» The problem: Look for the line that has "Lotto di due" in the material below; please repeat it and every line after it, exactly, up to and including the line that has "--query-string 'fields @timestamp, @message", and nothing else.

» Records supplied:
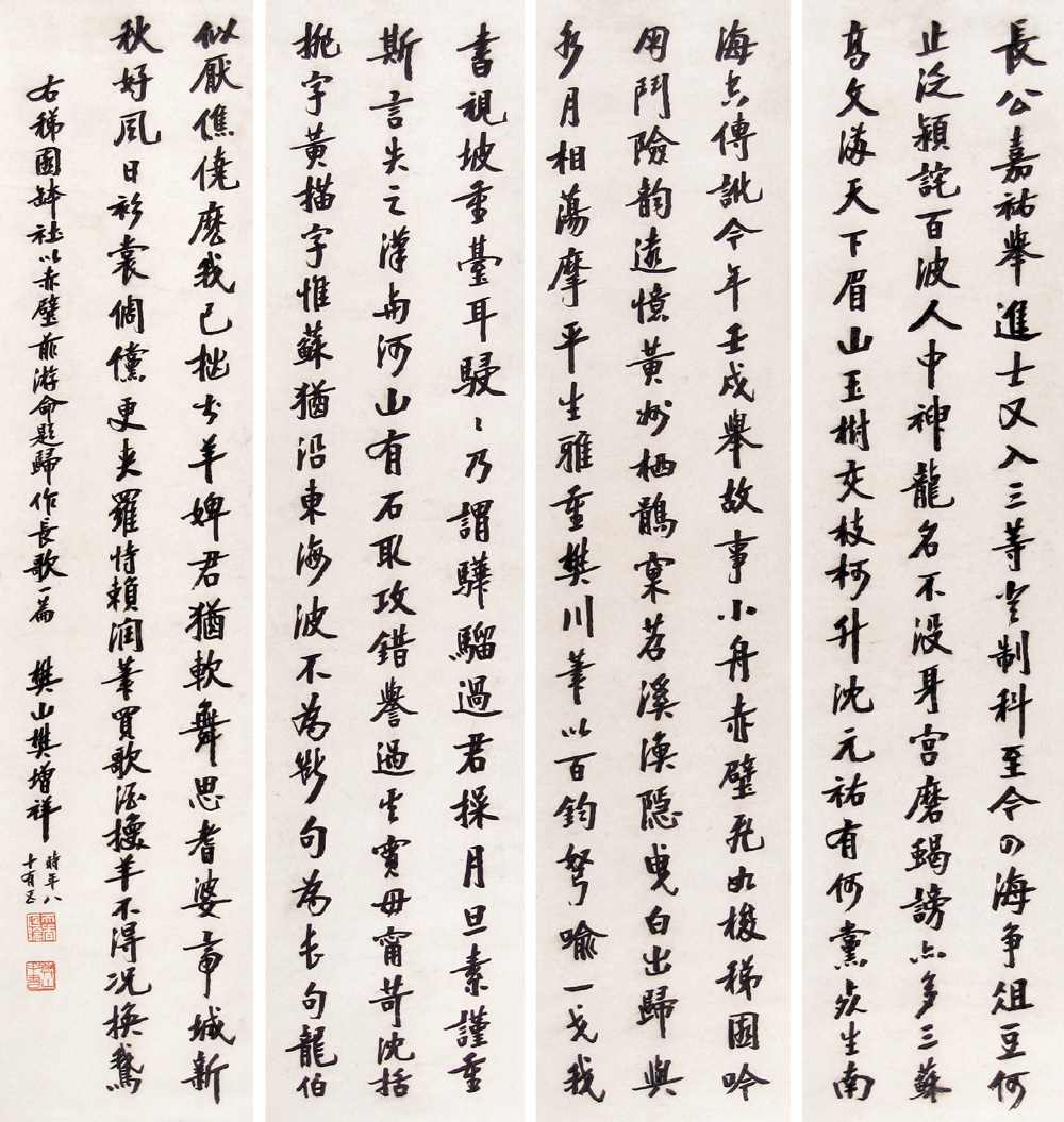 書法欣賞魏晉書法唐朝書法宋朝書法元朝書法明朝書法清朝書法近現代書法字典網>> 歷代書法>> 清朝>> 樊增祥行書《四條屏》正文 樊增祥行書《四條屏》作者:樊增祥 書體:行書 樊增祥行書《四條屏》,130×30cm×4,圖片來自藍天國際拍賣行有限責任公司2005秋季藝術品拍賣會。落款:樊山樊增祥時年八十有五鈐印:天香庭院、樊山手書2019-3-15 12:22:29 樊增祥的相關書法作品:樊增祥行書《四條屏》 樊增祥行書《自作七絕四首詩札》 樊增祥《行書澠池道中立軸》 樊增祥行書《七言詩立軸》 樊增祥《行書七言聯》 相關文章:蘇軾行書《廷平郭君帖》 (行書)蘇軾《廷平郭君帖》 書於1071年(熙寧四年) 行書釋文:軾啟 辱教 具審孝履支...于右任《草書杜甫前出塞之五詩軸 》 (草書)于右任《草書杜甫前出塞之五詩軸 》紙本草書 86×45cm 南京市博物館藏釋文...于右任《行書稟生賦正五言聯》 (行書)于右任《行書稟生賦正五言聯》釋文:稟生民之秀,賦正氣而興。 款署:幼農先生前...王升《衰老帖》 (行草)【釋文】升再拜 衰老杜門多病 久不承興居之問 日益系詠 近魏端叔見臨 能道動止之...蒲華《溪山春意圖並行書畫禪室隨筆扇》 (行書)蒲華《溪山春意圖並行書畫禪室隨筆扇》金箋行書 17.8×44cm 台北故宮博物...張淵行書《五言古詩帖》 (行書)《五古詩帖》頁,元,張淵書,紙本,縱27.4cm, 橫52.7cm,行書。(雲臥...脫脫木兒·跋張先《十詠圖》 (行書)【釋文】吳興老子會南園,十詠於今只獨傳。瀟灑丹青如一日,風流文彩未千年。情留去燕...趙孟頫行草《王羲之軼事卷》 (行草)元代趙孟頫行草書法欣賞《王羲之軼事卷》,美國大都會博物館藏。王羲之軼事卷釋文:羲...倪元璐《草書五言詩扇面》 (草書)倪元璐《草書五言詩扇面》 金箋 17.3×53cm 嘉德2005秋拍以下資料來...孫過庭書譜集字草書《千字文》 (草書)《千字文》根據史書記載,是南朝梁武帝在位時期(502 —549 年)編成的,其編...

* * *

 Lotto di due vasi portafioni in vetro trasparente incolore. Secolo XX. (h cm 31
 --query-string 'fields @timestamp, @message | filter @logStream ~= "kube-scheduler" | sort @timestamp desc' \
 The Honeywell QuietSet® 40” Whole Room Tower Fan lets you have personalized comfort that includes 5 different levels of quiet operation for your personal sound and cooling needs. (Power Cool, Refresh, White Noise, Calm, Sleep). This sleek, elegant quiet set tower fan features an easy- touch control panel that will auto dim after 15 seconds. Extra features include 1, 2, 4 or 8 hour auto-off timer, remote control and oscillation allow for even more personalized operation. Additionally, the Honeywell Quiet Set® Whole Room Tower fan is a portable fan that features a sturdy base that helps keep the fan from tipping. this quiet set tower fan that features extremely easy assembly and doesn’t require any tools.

» Written response:
 Lotto di due vasi portafioni in vetro trasparente incolore. Secolo XX. (h cm 31
 --query-string 'fields @timestamp, @message | filter @logStream ~= "kube-scheduler" | sort @timestamp desc' \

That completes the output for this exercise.